Little is known about the oxidant and antioxidant status in the BM of untreated patients with nonhematologic tumors. In this study, oxidative stress was evaluated in peripheral blood plasma (PBP) and BM plasma (BMP) from lung carcinoma (LC) and breast carcinoma (BC) patients.
METHODS
The sample included 13 consecutive untreated LC patients, 15 BC patients, and 11 healthy controls. Luminol-dependent chemiluminescence was used to evaluate oxygen radical generation by peripheral blood neutrophils. Lipid oxidation, assessed by 2-thiobarbituric acid-reactive substances (TBARS), and alpha-tocopherol, beta-carotene, and total ubiquinol-10 levels were determined in PBP and BMP.
RESULTS
In LC and BC patients, neutrophil chemiluminescence was higher (128% and 264%, respectively) than in controls (P < 0.05). In cancer patients, TBARS levels were higher in both PBP (51% and 243% for LC and BC patients, respectively) and BMP (66% and 305% for LC and BC patients, respectively) than in plasma from controls (P < 0.01). alpha-Tocopherol and total ubiquinol-10 levels were significantly lower in BMP from BC patients compared with controls. In BC patients, alpha-tocopherol content in PBP was significantly lower than in controls.
CONCLUSIONS
Untreated cancer patients presented an imbalance between oxidant generation and lipid-soluble antioxidant levels in favor of the former.
Cancer 2002;94:3247-51. © 2002 American Cancer Society.
Ann's NOTE: We wrote to the author:
Dear Dr. Chasseing:
We are patients who run an organization with a website for those
interested
in CAM and natural therapies. (We saw only the abstract of your recent
paper
in Cancer).
Would you 'speculate' that an increase in intake of antioxidants might be
beneficial to the patient population you studied?
Thanks for a response.
And here is her response:
Dear Ann Fonfa: Thanks for the e-mail.

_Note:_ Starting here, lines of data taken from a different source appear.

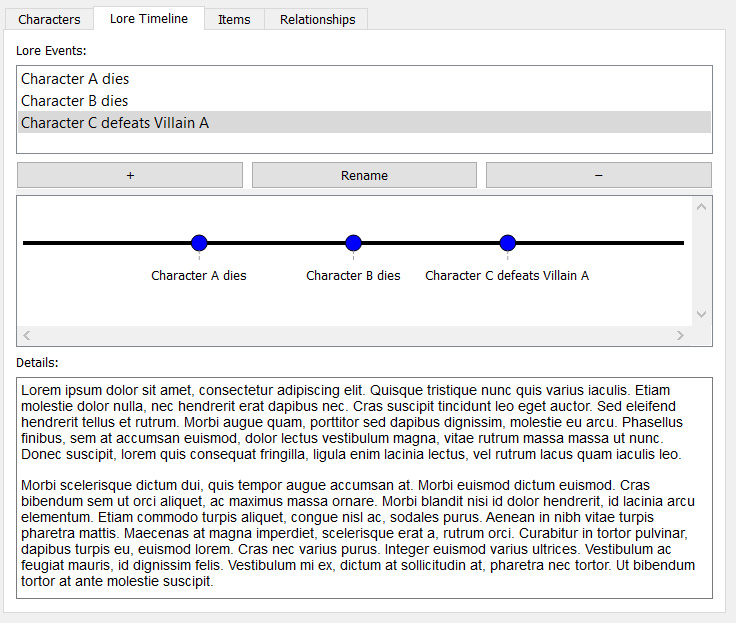 - Character notes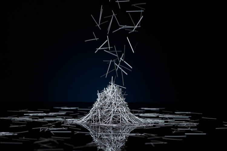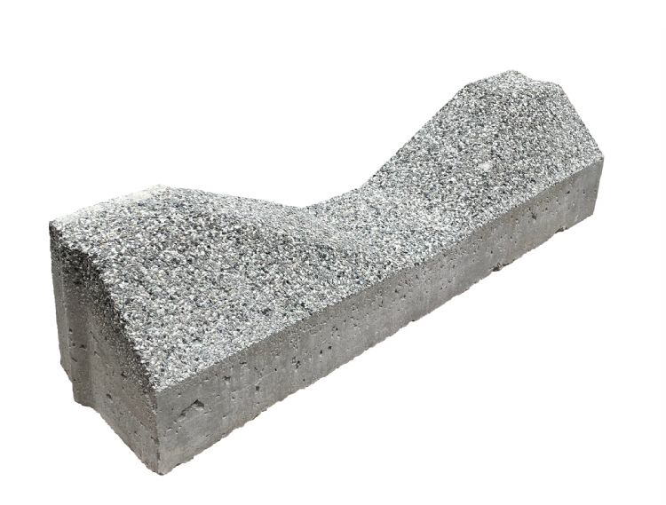 Betonpuin dat afkomstig is van de vezelversterkte band, kan met vezels en al worden hergebruikt in nieuwe betonproducten.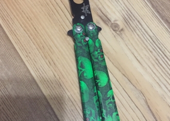 Нож бабочка тренировочная Цвет: зелёный череп Крутой нож бабочка для тренировок в хорошем состоянии.
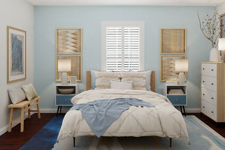Then, you can see the bed, small wardrobe, decorative lights, wall paintings, accessories, and paint on the walls, making this minimalist bedroom interior look beautiful and luxurious. That way, you will be happy and comfortable in this room. Hopefully, you can make this decoration!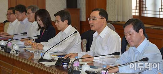 정홍원 국무총리가 28일 오전 서울 세종로 정부서울청사에서 열린 ‘국가정책조정회의’에서 모두발언을 하고 있다. 방인권 기자 bink7119@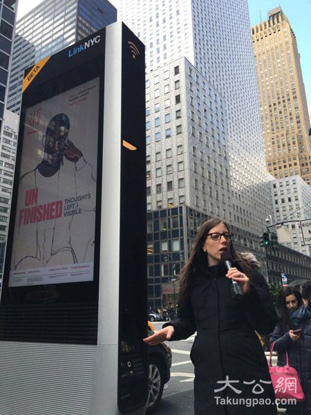 140台“连接纽约LinkNYC”免费WIFI设备日前逐步开始启动服务。公司总经理珍·亨斯利向记者展示设备使用方法 大公摄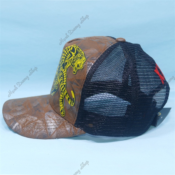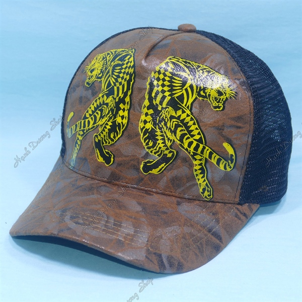 Nón Kết Lưới In Họa Tiết 2 Con Hổ Khóa Dán Nâu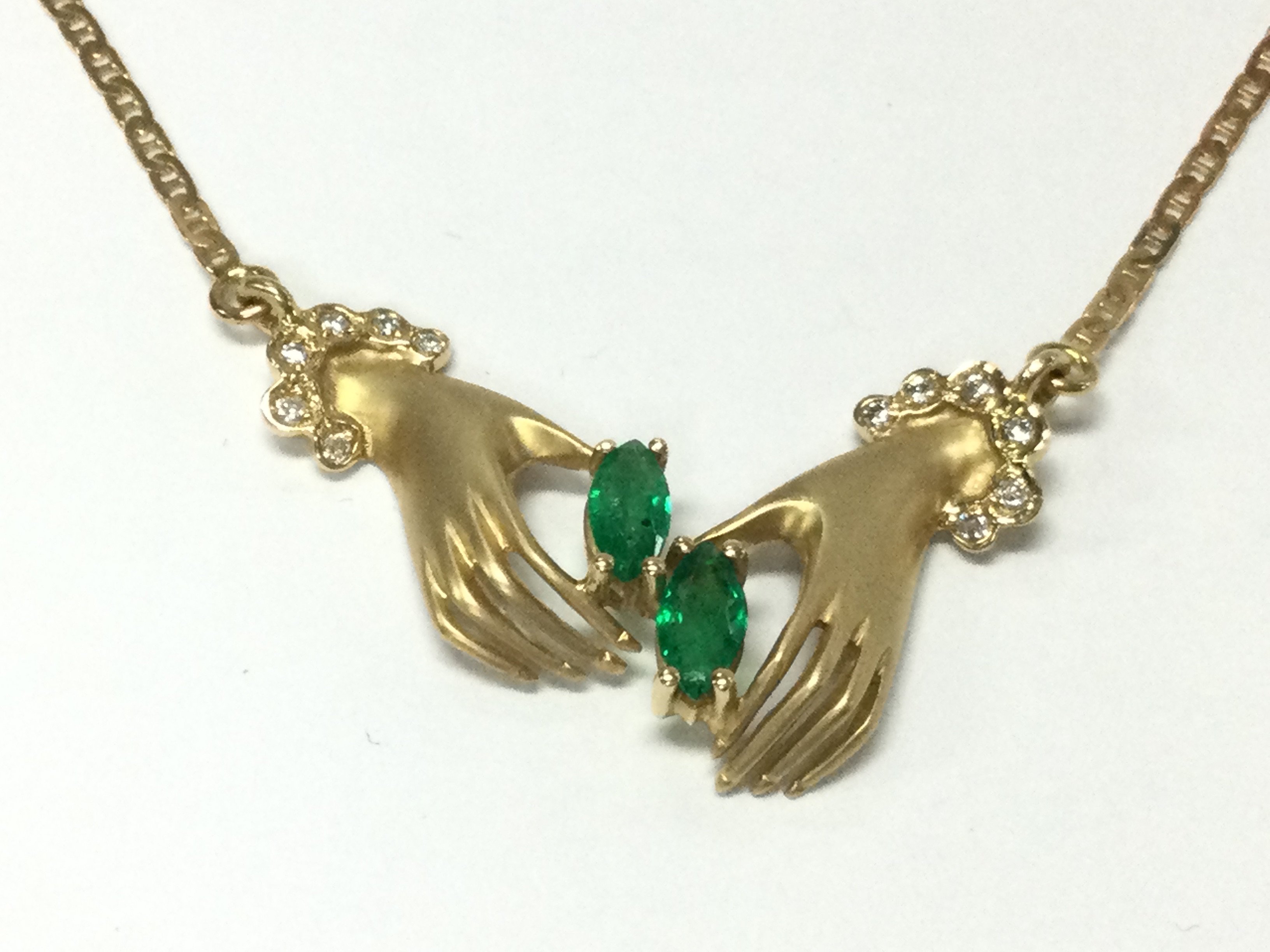 14ct gold necklace with 2 Colombian green emeralds and pave set diamonds. 4.23g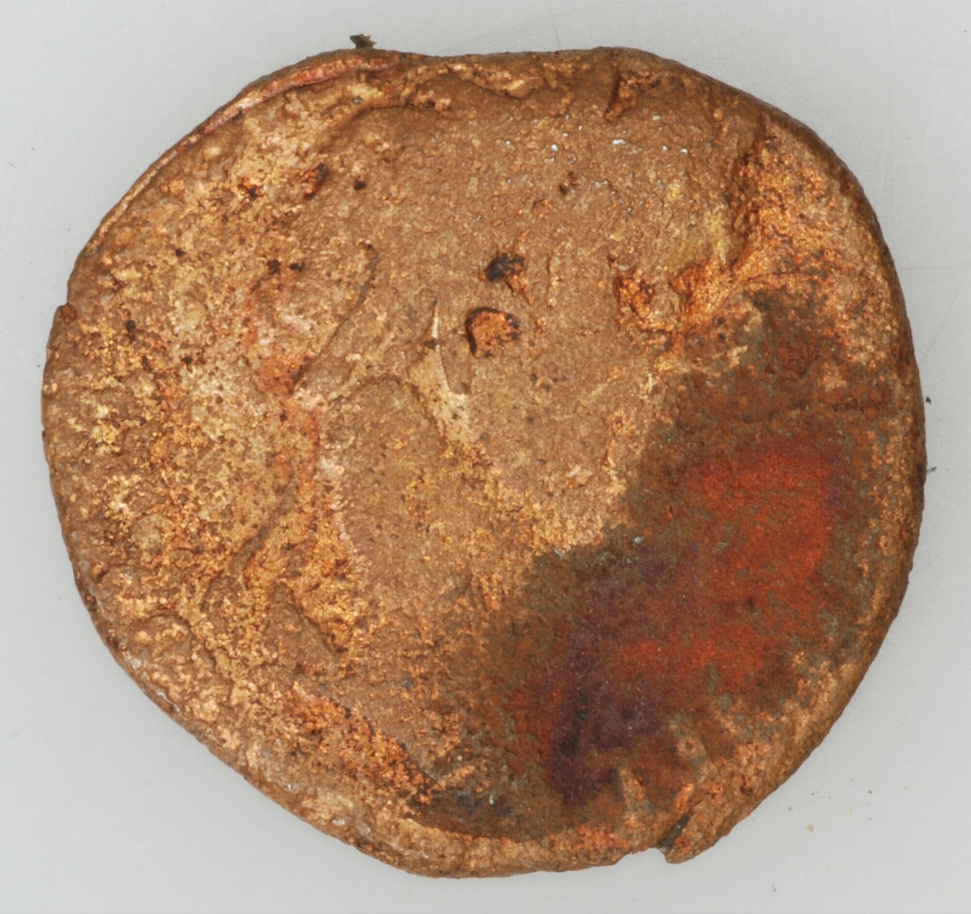 As Tiberius; imitatiemunt van RIC2 81/BMC 146; vz.: kop van Augustus naar rechts met randschrift [DIVVS AVGVSTVS PA]TER; kz.: altaar met randschrift [S]C, [PRO]VIDEN[T]. Het lijkt erop alsof een te klein muntplaatje is gebruikt, waardoor een deel van de tekst aan beide zijden mist. De randen kunnen zijn afgeknipt om koper te vergaren. Mogelijk een ...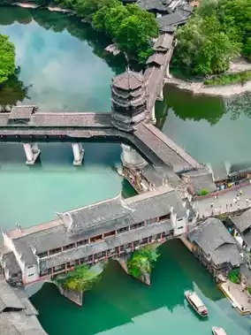 Several Xiangxi-style covered bridges, such as the Snow Bridge, Rainbow Bridge, Wind Bridge, Mist Bridge, and Cloud Bridge, connect the two sides of the ancient town.

Dietary antioxidant supplementation
increases the antioxidant levels in peripheral blood plasma.
In addition,
nutritional antioxidant strategies can prevent the genotoxic effects that
some chemotherapeutic agents produce in bone marrow myelogenous progenitors
cells.
Also I think that the supplementation of untreated lung and breast cancer
patients with antioxidants might also increase antioxidant levels in bone
marrow plasma , possibly ameliorating the oxidant/ antioxidant status in the
bone marrow.
Given both the role of reactive oxygen species (ROS) in tumor
promotion and the danger of increased ROS production under chemotherapy/
irradiation tratments, the current results of our paper underscore the
importance of antioxidant therapy to protect cells from further damage.
Dra. Chasseing.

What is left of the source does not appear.